What the exercise asks:
Without the pictures, output all of the data exactly.

Provided data:
%%

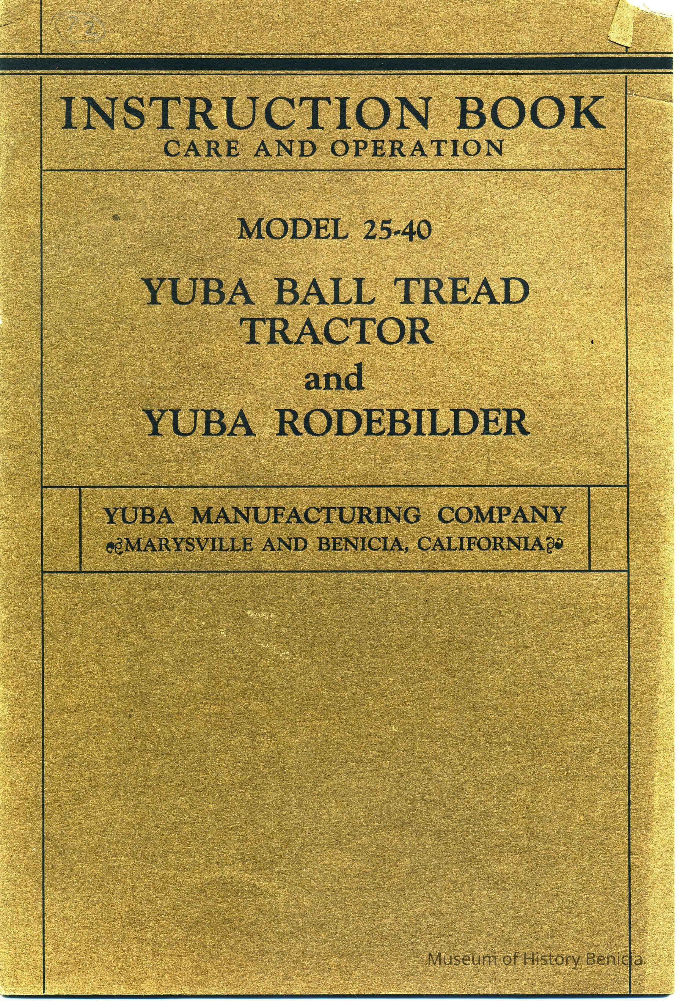 Instruction book for Yuba Ball Tread Tractor and Yuba Roadside. Marysville and Benicia. 15 pages and covers
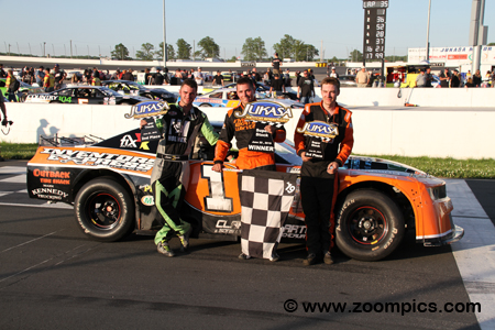 The Super Stock category includes a variety of makes and models from the ‘60s to the current year. The rules used in this class allow some suspension modifications and changes to the bodies. Most Street Stock cars retain the original steel bodies with plastic noses and fiberglass hoods. They are powered by a modified small block engine or crate motors from General Motors and Ford. This division is a popular ‘stepping store’ for those drivers who aspire to compete in the Pro Late Model category. The race at Jukasa Motor Speedway was titled, ‘Prelude to the Nationals’ with the winner earning an automatic entry into the Canadian Short Track Nationals Super Stock event.
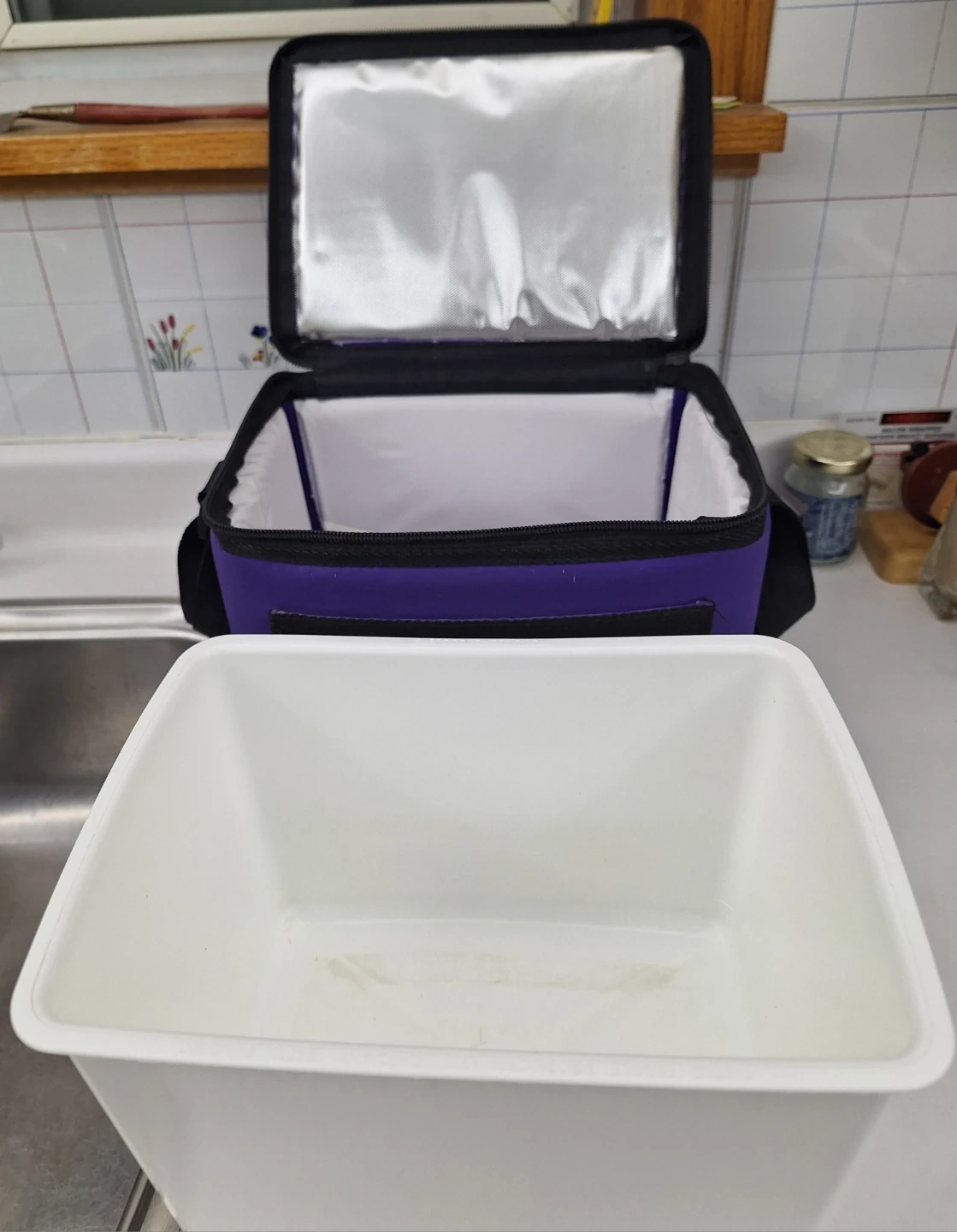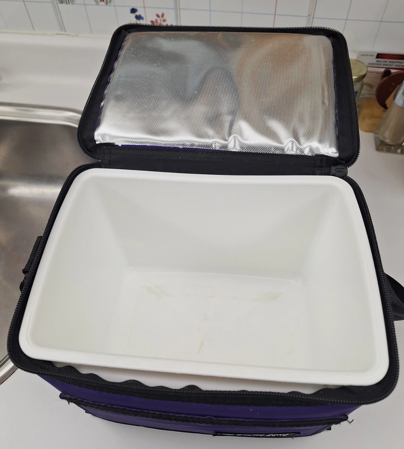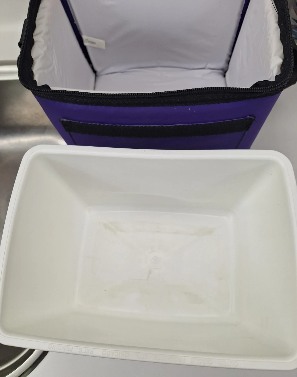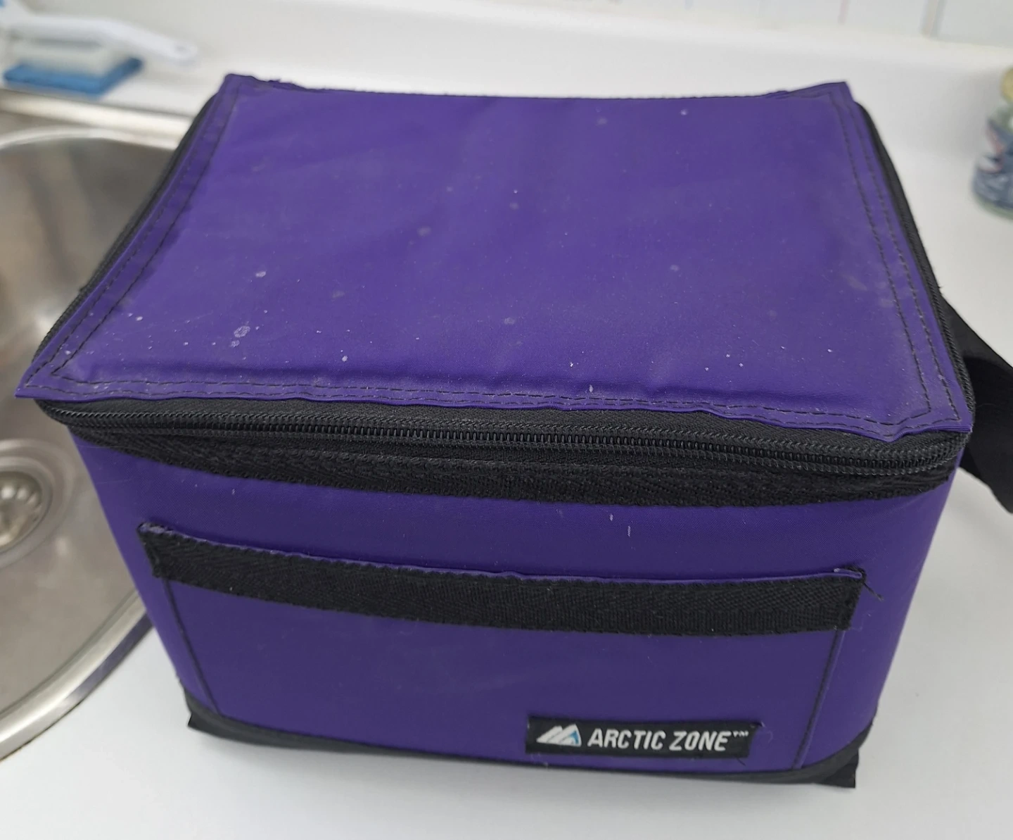 Arctic Zone purple lunch bag. Has a removable hard plastic insert. Can be used with or without insert. Measures 9" x 7" x 7". Pickup Scarborough Pharmacy and Ellesmere area
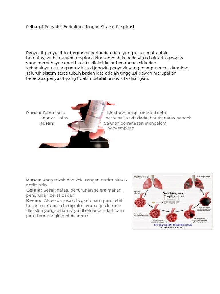 Penyakit sistem respirasi berpunca daripada bahan bahan berbahaya yang kita sedut daripada udara.

%%

Exercise answer:
 Instruction book for Yuba Ball Tread Tractor and Yuba Roadside. Marysville and Benicia. 15 pages and covers
 The Super Stock category includes a variety of makes and models from the ‘60s to the current year. The rules used in this class allow some suspension modifications and changes to the bodies. Most Street Stock cars retain the original steel bodies with plastic noses and fiberglass hoods. They are powered by a modified small block engine or crate motors from General Motors and Ford. This division is a popular ‘stepping store’ for those drivers who aspire to compete in the Pro Late Model category. The race at Jukasa Motor Speedway was titled, ‘Prelude to the Nationals’ with the winner earning an automatic entry into the Canadian Short Track Nationals Super Stock event.
 Arctic Zone purple lunch bag. Has a removable hard plastic insert. Can be used with or without insert. Measures 9" x 7" x 7". Pickup Scarborough Pharmacy and Ellesmere area
 Penyakit sistem respirasi berpunca daripada bahan bahan berbahaya yang kita sedut daripada udara.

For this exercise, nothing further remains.